Book Synopsis Milestones in Matrix Computation : The selected works of Gene H. Golub with commentaries by : Raymond Chan
Download or read book Milestones in Matrix Computation : The selected works of Gene H. Golub with commentaries written by Raymond Chan and published by OUP Oxford. This book was released on 2007-02-22 with total page 584 pages. Available in PDF, EPUB and Kindle. Book excerpt: The text presents and discusses some of the most influential papers in Matrix Computation authored by Gene H. Golub, one of the founding fathers of the field. The collection of 21 papers is divided into five main areas: iterative methods for linear systems, solution of least squares problems, matrix factorizations and applications, orthogonal polynomials and quadrature, and eigenvalue problems. Commentaries for each area are provided by leading experts: Anne Greenbaum, Ake Bjorck, Nicholas Higham, Walter Gautschi, and G. W. (Pete) Stewart. Comments on each paper are also included by the original authors, providing the reader with historical information on how the paper came to be written and under what circumstances the collaboration was undertaken. Including a brief biography and facsimiles of the original papers, this text will be of great interest to students and researchers in numerical analysis and scientific computation.
Book Synopsis Variable Selection and Ridge Regression by : Susan May Horvath
Download or read book Variable Selection and Ridge Regression written by Susan May Horvath and published by . This book was released on 1977 with total page 168 pages. Available in PDF, EPUB and Kindle. Book excerpt:
Book Synopsis Model Selection and Multimodel Inference by : Kenneth P. Burnham
Download or read book Model Selection and Multimodel Inference written by Kenneth P. Burnham and published by Springer Science & Business Media. This book was released on 2007-05-28 with total page 512 pages. Available in PDF, EPUB and Kindle. Book excerpt: A unique and comprehensive text on the philosophy of model-based data analysis and strategy for the analysis of empirical data. The book introduces information theoretic approaches and focuses critical attention on a priori modeling and the selection of a good approximating model that best represents the inference supported by the data. It contains several new approaches to estimating model selection uncertainty and incorporating selection uncertainty into estimates of precision.

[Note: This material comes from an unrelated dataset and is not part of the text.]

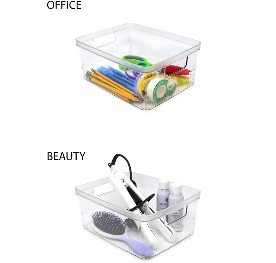 - CLEAR DESIGN: Staying organized is easy with these modern, clear plastic bins. The cutout handles make it easy to hold and carry. The clear design of each bin enables you to quickly see what’s stored in each container; ideal for when you’re on-the-go. These modern bins are designed to blend into the décor of any room while cleaning up the mess on your desk, counterspace and tabletops. [Dimensions of each bin: [8” L x 10” W x 4.25” H]
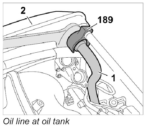 5.1. Fit union nut and secure oil line -1- to the oil tank -2- using crow foot wrench, a/f 32 Nr.189. Counter with an open-ended wrench (a/f 32) while doing this.

An array of examples is given to illustrate various technical issues. The text has been written for biologists and statisticians using models for making inferences from empirical data.
Book Synopsis Agricultural Economics Research by :
Download or read book Agricultural Economics Research written by and published by . This book was released on 1982 with total page 206 pages. Available in PDF, EPUB and Kindle. Book excerpt:
Book Synopsis Model Selection and Inference by : Kenneth P. Burnham
Download or read book Model Selection and Inference written by Kenneth P. Burnham and published by Springer Science & Business Media. This book was released on 2013-11-11 with total page 373 pages. Available in PDF, EPUB and Kindle. Book excerpt: Statisticians and applied scientists must often select a model to fit empirical data. This book discusses the philosophy and strategy of selecting such a model using the information theory approach pioneered by Hirotugu Akaike. This approach focuses critical attention on a priori modeling and the selection of a good approximating model that best represents the inference supported by the data. The book includes practical applications in biology and environmental science.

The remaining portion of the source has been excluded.